Posted on:2003-03-10Degree:Ph.DType:Dissertation
University:Boston UniversityCandidate:Lee, SohuiFull Text:PDF
GTID:1466390011486112Subject:History
Abstract/Summary:
This dissertation explores the critical and creative development of Democratic ideas in ante-bellum nationalist literature, focusing in particular on John Louis O'Sullivan's Democratic Review, an important monthly journal which published works by leading authors of American literary history from Nathaniel Hawthorne, Walt Whitman, Catharine Maria Sedgwick, and Edgar Allan Poe to Lydia Sigourney, William Cullen Bryant, James Russell Lowell and John Greenleaf Whittier. While literary scholars have attended to the non-literary writings of the magazine, the creative literature that comprised half of its total content has received much less scholarly treatment.
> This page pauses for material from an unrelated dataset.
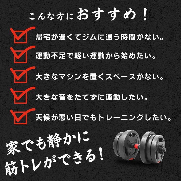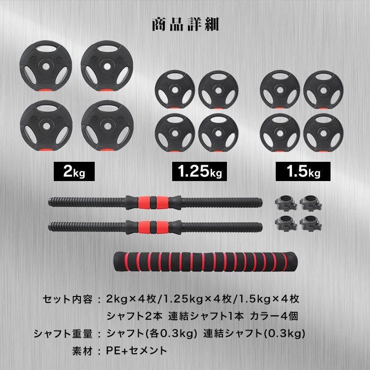 これ1つで理想の体型に!!! エクササイズから本格的な筋トレまで カスタマイズ可能な安心設計のダンベル!! こんな方にオススメ!!! ・帰宅が遅くてジムに通う時間がない ・運動不足で軽い運動から始めたい ・大きなマシンを置くスペースがない ・大きな音をたてずに運動したい ・天候が悪い日でもトレーニングしたい 【商 品 詳 細】 ブランドWM FITNESS 【内容】 ・2kg×4枚 ・1.25kg×4枚 ・1.5kg×4枚 ・シャフト2本 ・連結シャフト1本 ・カラー4個 【サイズ】 1.25kg:(約)19×3cm 1.5kg:(約)19×3cm 2kg:(約)23×3.7cm シャフト部分:(約)40.5×3.5×2.5cm 連結シャフト部分:(約)40×4.5cm カラー部分:(約)6×2.5cm 【カラー】 ブラック 重量20kg シャフト:0.3kg 連結シャフト:0.3kg 材質PE セメント 可変式ダンベル ダンベル 2個セット 可変式バーベル バーベル 40kg 筋トレ グッズ シェイプアップ トレーニング 調節可能 ジム ダイエット エクササイズ 腕 肩 ダンベル 可変式 40kg 2個セット プレート 可変式ダンベル バーベル 可変式バーベル 筋トレ グッズ トレーニング ダイエット エクササイズ 滑り止め付き ジム 重さ調節 腕 肩 背筋 胸筋 自宅 調節可能 シェイプアップ 滑りにくい 【注意事項】 ・当商品を使用した場合に事故・破損が発生した場合は責任を負いかねますので予めご了承ください。 ・仕様・デザインは改良のため予告なく変更することがあります。 |

My central claim is that the aesthetic and political contributions of the Democratic Review reveal the highly pluralistic notions of democracy and American nationality in the crucial ante-bellum years of national emergence. By contextualizing periodical works of significant American writers, in particular Hawthorne, Sedgwick, Bryant, and Whittier, this dissertation redresses extant treatments of literary nationalism in the ante-bellum period by investigating its flowering in a major American periodical—a focus which enables us to recapture the political implications of major literary texts and to recognize the vital political significance of women's sentimental writings. My analysis of the contributions of writers such as Sedgwick to O'Sullivan's magazine establishes the connections, both profound and varied, between nationalist writings and the development of American democratic ideology. By detailing a literary-critical context in which political ideas were recognized as intimately tied to aesthetic ideals, this dissertation seeks to recuperate a contemporary political language with implications for literary as well as intellectual historians. While the Democratic Review represents one of many important cultural institutions in nineteenth-century America dedicated to the construction of American nationalism, the magazine is exceptional not only for the ties it established between an evolving nationalism and equally provisional Democratic ideas, but for its confirmation of the extent to which Democratic politics mattered to ante-bellum literary writers.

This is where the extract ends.